Non, parce que ce montant n’a jamais été payé aux prestataires. A
moins que ceux qui l’affirment aient oublié de préciser qu’ils ont
servi leurs amis et leurs coquins. Parce que les intérêts de la
République sont en jeu et en tant que représentant du peuple, je me
dois de dénoncer les abus et les faiblesses qui caractérisent la
gestion des affaires publiques. Et le trou de 150 milliards de Francs
congolais, relevé dans les finances publiques, en est une parfaite
illustration. Sur cette question, si le gouverneur de la Banque
centrale a dit dans la presse qu’« il n’y a pas de trou du tout » et
que « le problème est mal posé », il a tout de même reconnu que, « pour
environ 100 à 120 milliards de Francs congolais, les engagements par
rapport au plan de trésorerie excédaient le fond de caisse ». Il a même
paru optimiste quand il a ajouté que « cette situation a du reste fait
l’objet de discussions avec les experts du Fonds monétaire
international et le malentendu a été dissipé ». Or, le peuple congolais
a appris que les bailleurs bilatéraux de la RDC, regroupés dans le Club
de Paris, ont recalé le gouvernement au cours de leur réunion du
mercredi 18 novembre 2009 à laquelle n’a assisté aucun officiel
congolais. Ils ont plutôt mis en place une commission qui va rencontrer
à Kinshasa le président Joseph Kabila, pour leur donner des assurances
et des garanties avant la prise de décision sur le sort du dossier de
la RDC.

4. N’avez-vous pas le sentiment de marcher à
contre-courant, les députés de la majorité ayant affiché leur
attachement au gouvernement en rejetant la motion de défiance de
l’opposition contre le Premier ministre ?
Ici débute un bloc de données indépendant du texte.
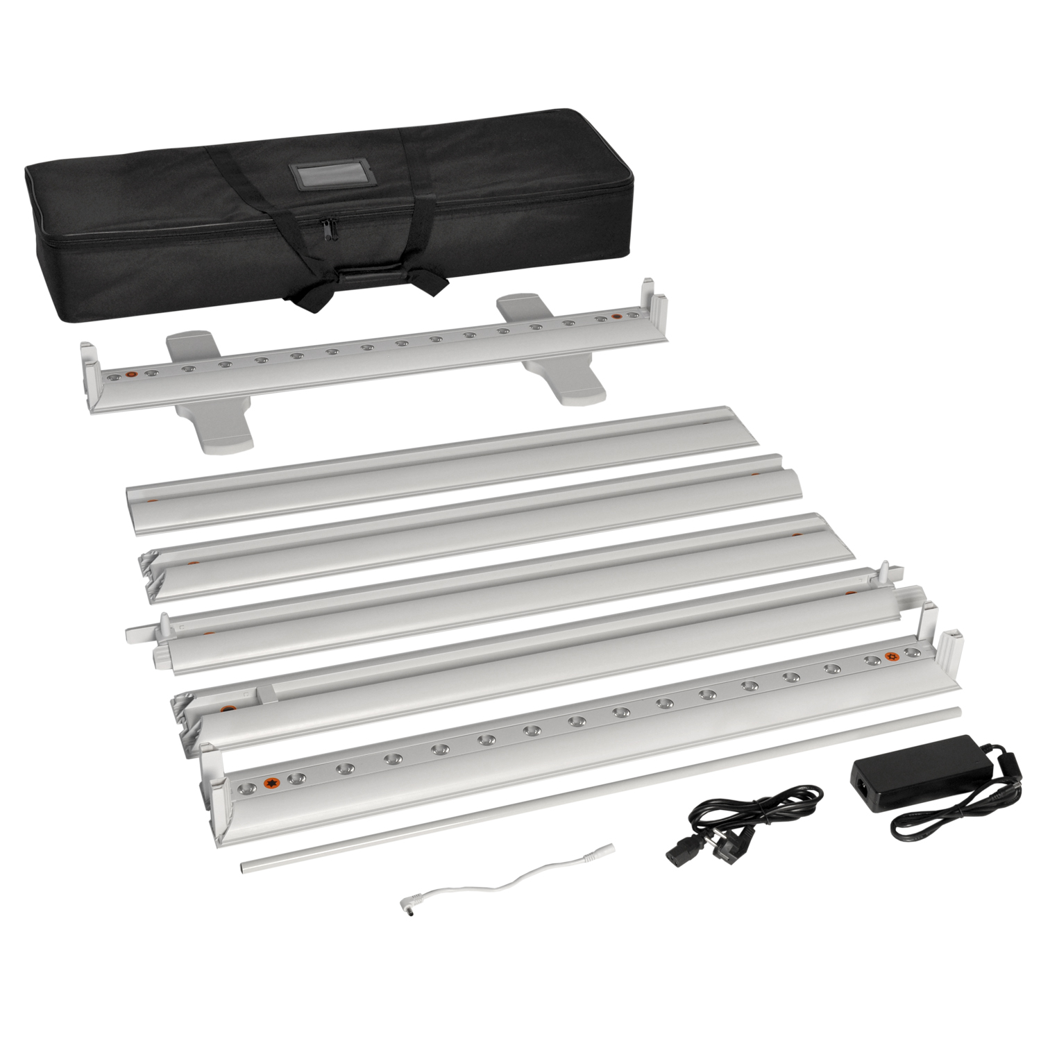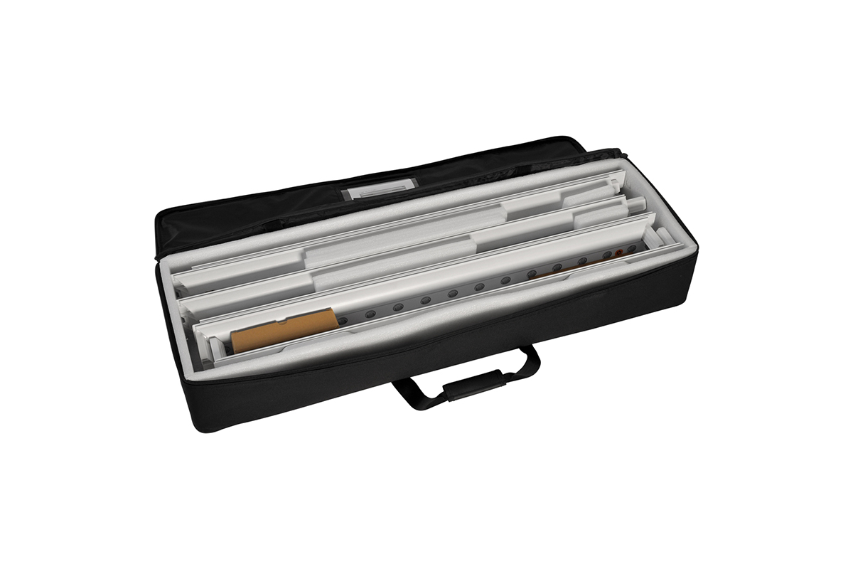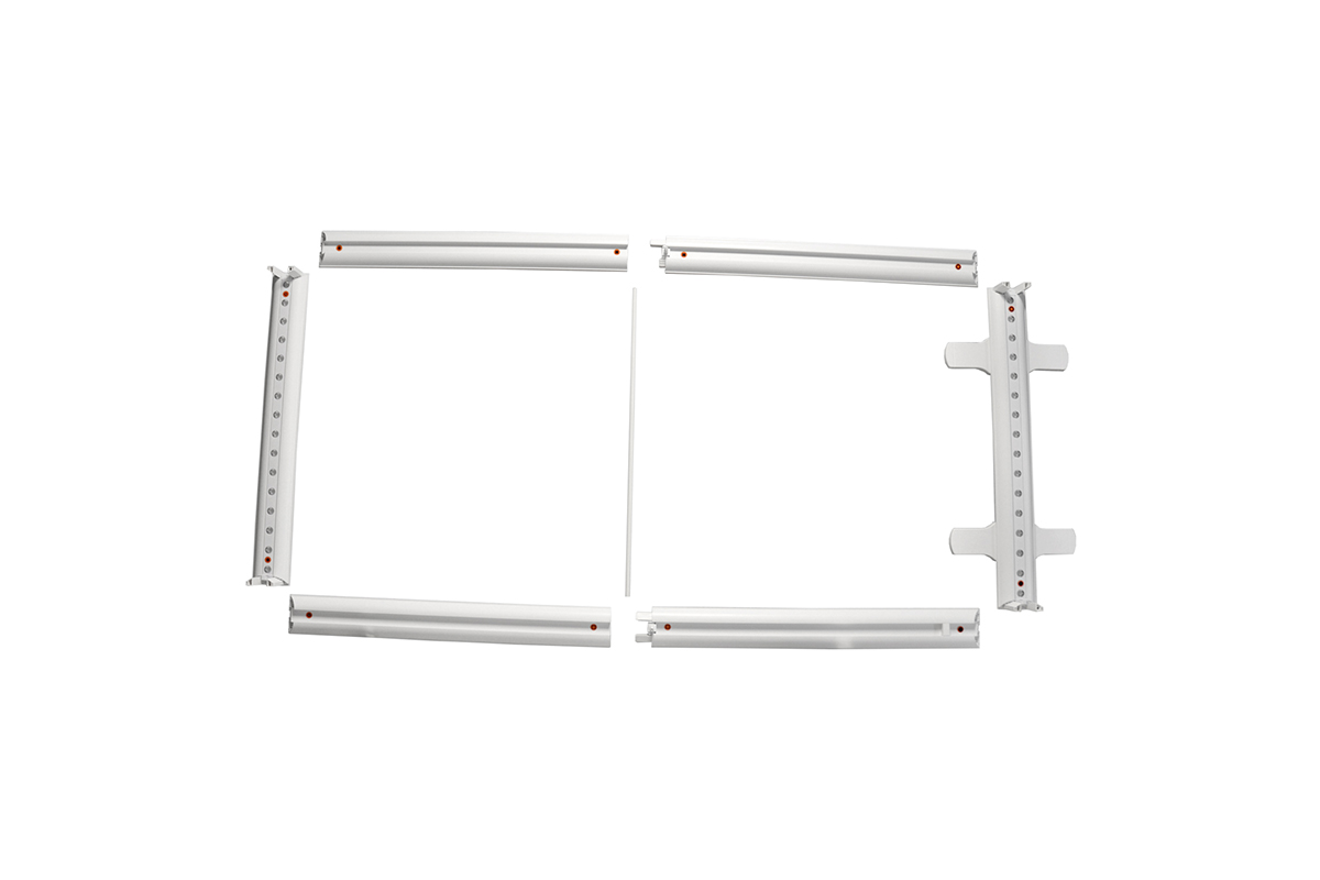 Expo LightBox está compuesto de perfiles de plástico de 12 cm. de ancho. Los Leds están integrados en el perfil y proporcionan una luz uniforme. El cableado está integrado en los perfiles y al conectarlo entre sí todos los módulos Led se conectan.
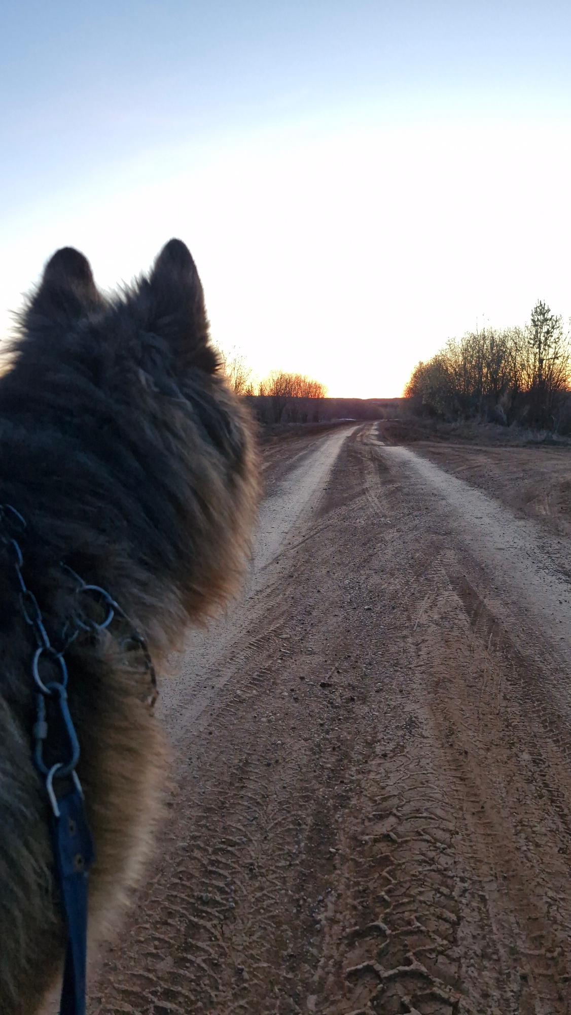 The image depicts a dirt road leading into a bright, hazy sunset. The road surface shows tire tracks. On either side of the road are low-lying bushes or trees. In the foreground, the back of a brown,…read more

Non. J’en veux pour preuve un document confectionné par des députés,
parmi lesquels des ténors de la majorité, citant nommément des
ministres qu’ils disent impliqués dans des dossiers qui ont soulevé des
passions en plénières.
Mon seul regret, est celui de voir qu’ils s’expriment sur le tard,
alors qu’ils avaient refusé leur soutien à l’opposition politique dans
le dossier des contrats chinois, notamment.

5. A quoi vous fait penser la coordination souhaitée entre le gouvernement et la BCC ?

Je continue à soutenir que mes propos ont été déformés et mal
interprétés. Je répète avoir vu l’injonction des institutions de Breton
Wood dans la restructuration de la BCC. Je suis d’avis que la présence
imposée d’un conseiller général étranger, Ivoirien en l’occurrence,
dans cette institution monétaire nationale est une intrusion. Il est en
réalité l’oreille et la bouche par laquelle vont tomber les directives
des bailleurs de fonds. Cela ressemble quelque peu au rôle qu’a joué
jadis Blumenthal à l’époque de la BCZ.